Source records section start

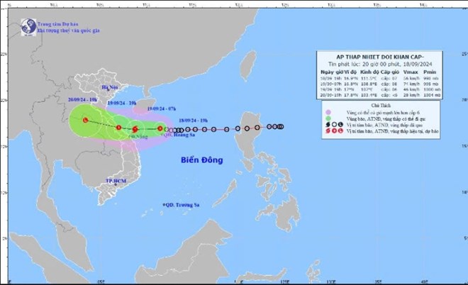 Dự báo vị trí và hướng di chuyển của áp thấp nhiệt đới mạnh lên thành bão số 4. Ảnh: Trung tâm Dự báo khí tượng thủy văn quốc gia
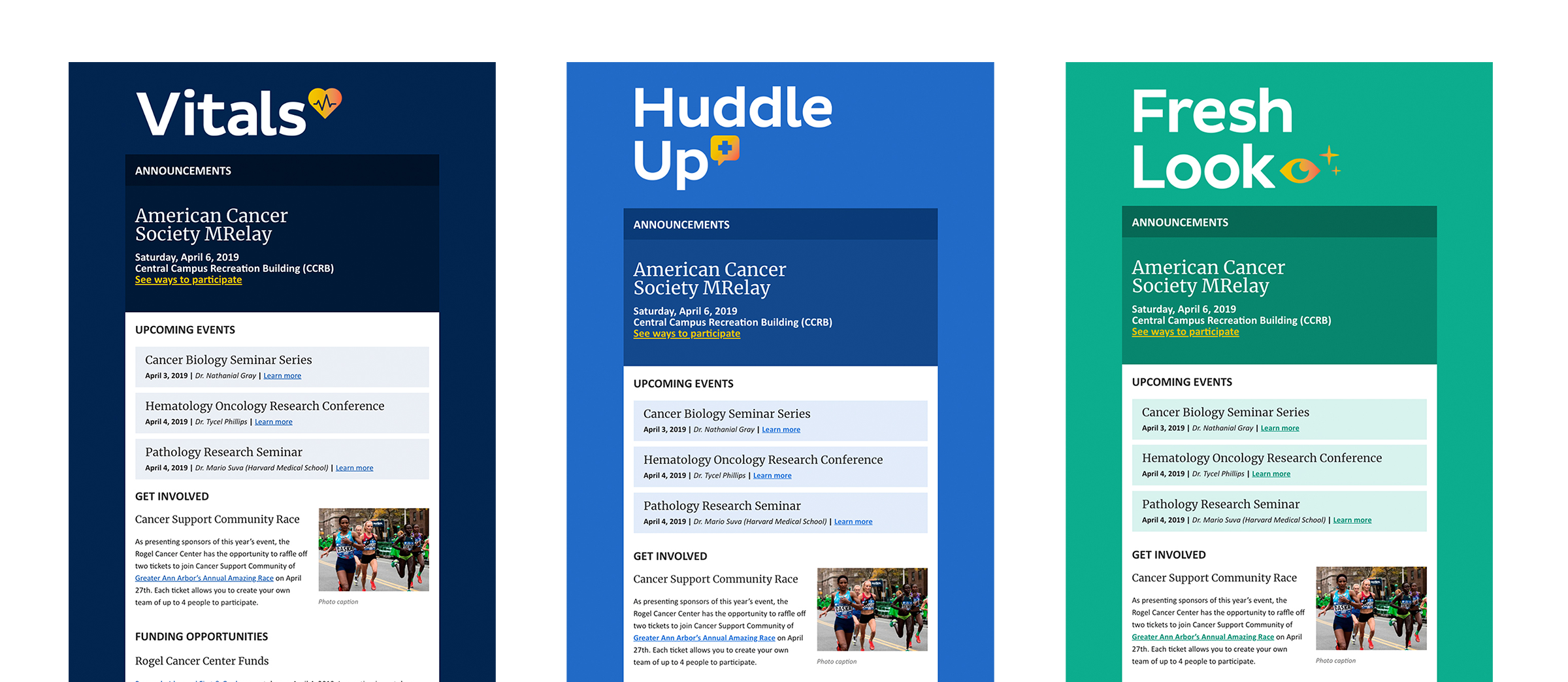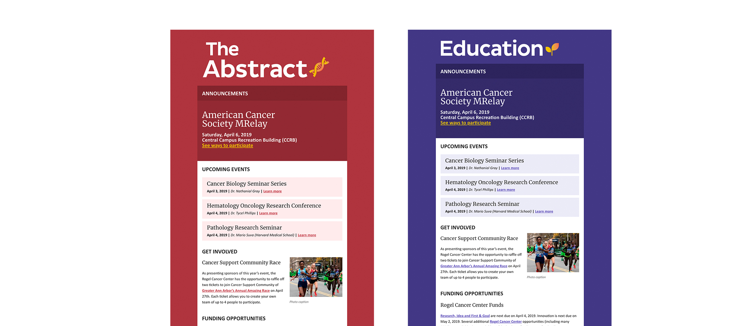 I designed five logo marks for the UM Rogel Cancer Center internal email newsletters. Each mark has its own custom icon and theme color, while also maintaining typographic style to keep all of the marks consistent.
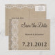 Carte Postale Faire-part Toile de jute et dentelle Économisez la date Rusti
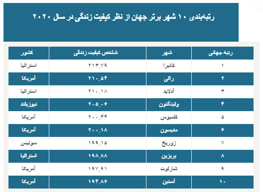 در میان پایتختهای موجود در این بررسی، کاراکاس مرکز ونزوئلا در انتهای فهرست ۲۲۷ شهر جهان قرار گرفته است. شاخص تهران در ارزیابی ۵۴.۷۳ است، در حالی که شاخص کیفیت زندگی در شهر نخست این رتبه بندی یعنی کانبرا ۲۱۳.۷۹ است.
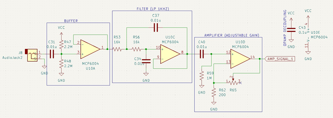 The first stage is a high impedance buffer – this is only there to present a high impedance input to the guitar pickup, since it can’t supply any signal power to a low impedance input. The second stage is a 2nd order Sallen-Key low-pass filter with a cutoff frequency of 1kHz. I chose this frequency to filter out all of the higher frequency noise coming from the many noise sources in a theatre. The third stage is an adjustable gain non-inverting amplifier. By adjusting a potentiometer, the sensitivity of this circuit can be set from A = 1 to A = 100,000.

Source records section end

Your response must consist of the lines from the beginning of the data through the line containing "I designed five", transcribed exactly, with no pictures.

 Dự báo vị trí và hướng di chuyển của áp thấp nhiệt đới mạnh lên thành bão số 4. Ảnh: Trung tâm Dự báo khí tượng thủy văn quốc gia
 I designed five logo marks for the UM Rogel Cancer Center internal email newsletters. Each mark has its own custom icon and theme color, while also maintaining typographic style to keep all of the marks consistent.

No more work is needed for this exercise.